Monday, April 18, 2011

Life in the Slow Lane

Life has been very quiet lately. I think it is because I have an empty house right now. Honestly, I don’t know what I would do without the dog to talk to. I finally understand why there are crazy cat ladies in the world!
I’m happy that I have other things going on in my life to help occupy my time. But, I’m realizing rather quickly, after only 2 weeks of Caleb not being in the house, that I’m going to need to find even more things to do. Otherwise, I might go crazy when he eventually does leave the house.

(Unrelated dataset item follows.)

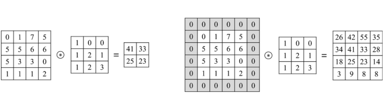 아래 그림의 오른쪽처럼 1폭짜리 zero-padding을 적용하였더니 출력 이미지 크기가 입력 이미지 크기와 같이 4x4 로 유지된다.
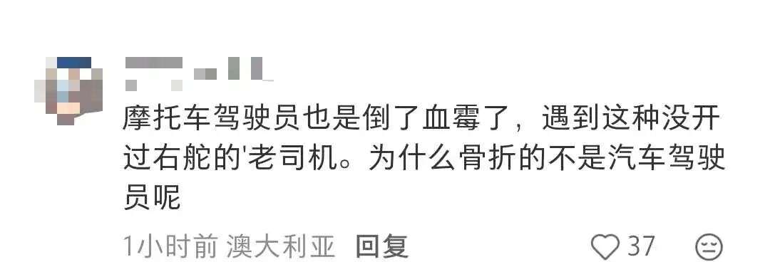 “摩托车驾驶员也是倒了血霉了,遇到这种没开过右舵的'老司机。为什么骨折的不是汽车驾驶员呢”

It isn’t that I don’t have cleaning and other home improvement projects to work on at home. But, sometimes that just doesn’t fulfill me like other things do. While I enjoy a clean kitchen just as much as the next person, the process itself doesn’t necessarily fill me up with joy. In fact, I’d much rather pay someone else to do the cleaning so I can enjoy that instead.

Life isn’t over when our teenagers leave the house. In fact, life is really just taking off. I am excited by the new adventures that are waiting me. I’m planning in my head all the great things I can undertake just for me instead of always putting my child first in my decisions.

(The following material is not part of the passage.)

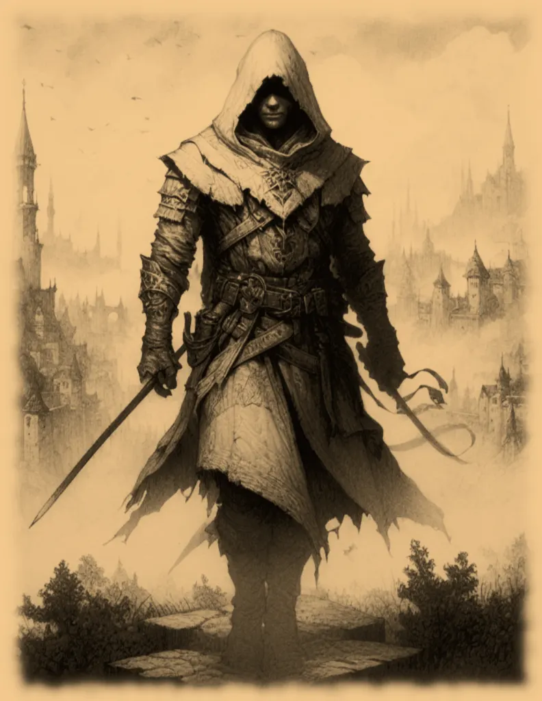 Silenzioso e letale come una pantera nel buio, l’assassino è un maestro dell’inganno e della morte silenziosa. Diversamente dai guerrieri, non combatte guerre in campo aperto, e detesta affrontare il nemico frontalmente armato di pesanti scudi ed armature. Egli preferisce invece protezioni leggere che gli consentono di rimanere nascosto con uno stiletto in mano, attendendo silenziosamente il momento giusto. Egli non sarà mai un grande generale, ma potrà cambiare le sorti delle guerre uccidendo generali nel sonno. Difficilmente sarà Re, ma avrà il potere di deporre quanti sovrani vorrà prima ancora che il popolo se ne renda conto. È il predatore perfetto in un mondo che non perdona i deboli né i lenti. Che agisca per denaro, vendetta o ideali oscuri, l’assassino rimane una figura temuta in ogni angolo di Te’Rha. I sovrani lo ingaggiano in segreto, le corporazioni lo rispettano o lo temono, e persino i più potenti maghi dormono con un occhio aperto, sapendo che nemmeno le barriere arcane possono fermare una lama ben guidata.

I think my dissatisfaction right now is just because my life is in limbo as I wait decisions on Caleb throughout the next couple of months. It is difficult to start an exciting new adventure when so much other stuff is up in the air.

For now, though, I’m going to continue talking to my dog like he truly understands what I’m saying. I’ll continue to be obsessive about making sure my phone is on and in reach in case Caleb calls. I’ll continue to put off my plans for my exciting new adventures for a bit longer. I’ll continue to go to bed at 9pm not because I’m tired, but because I’m so bored that I have nothing else to do. I’m happy with this plan for now, but recognize that it definitely cannot be a long term solution.